Material provided

^^^^^^^^^^^^^^^^

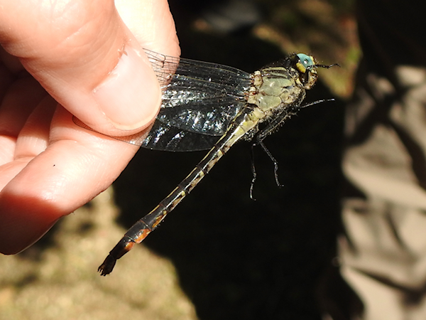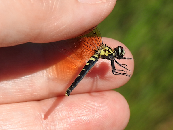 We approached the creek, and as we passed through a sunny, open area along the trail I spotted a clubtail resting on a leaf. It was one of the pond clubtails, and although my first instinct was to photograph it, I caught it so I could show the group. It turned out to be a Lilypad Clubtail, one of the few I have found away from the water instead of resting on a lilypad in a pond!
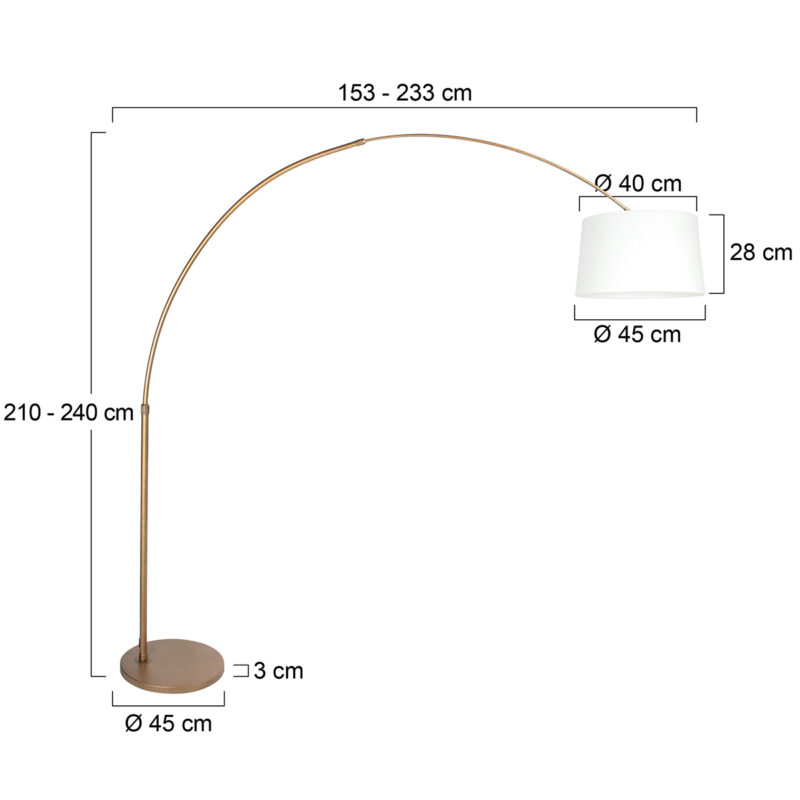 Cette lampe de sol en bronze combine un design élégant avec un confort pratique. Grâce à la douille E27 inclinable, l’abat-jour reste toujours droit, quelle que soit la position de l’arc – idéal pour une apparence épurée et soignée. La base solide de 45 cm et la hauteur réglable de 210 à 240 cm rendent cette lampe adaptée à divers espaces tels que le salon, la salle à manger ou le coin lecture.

^^^^^^^^^^^^^^^^

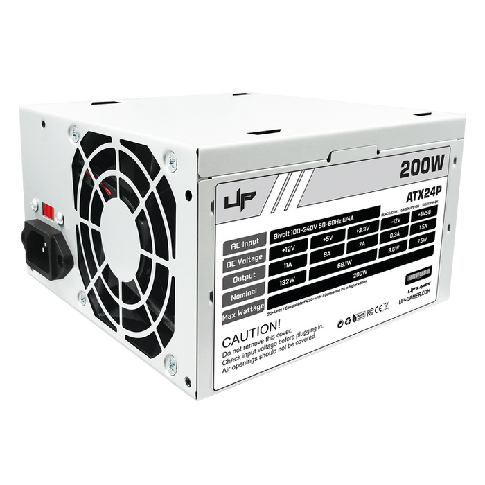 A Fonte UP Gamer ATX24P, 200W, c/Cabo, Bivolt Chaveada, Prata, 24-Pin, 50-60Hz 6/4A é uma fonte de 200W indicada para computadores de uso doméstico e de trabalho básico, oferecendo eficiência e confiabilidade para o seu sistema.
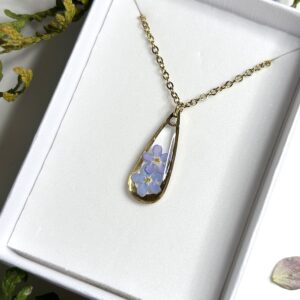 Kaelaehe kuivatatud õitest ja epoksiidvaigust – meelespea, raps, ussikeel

^^^^^^^^^^^^^^^^

Exercise objective
Give back the exact lines above, running from the one that has "A Fonte UP Gamer" through the one that has "Kaelaehe kuivatatud õitest", with nothing added and no pictures.

Solution to this exercise
 A Fonte UP Gamer ATX24P, 200W, c/Cabo, Bivolt Chaveada, Prata, 24-Pin, 50-60Hz 6/4A é uma fonte de 200W indicada para computadores de uso doméstico e de trabalho básico, oferecendo eficiência e confiabilidade para o seu sistema.
 Kaelaehe kuivatatud õitest ja epoksiidvaigust – meelespea, raps, ussikeel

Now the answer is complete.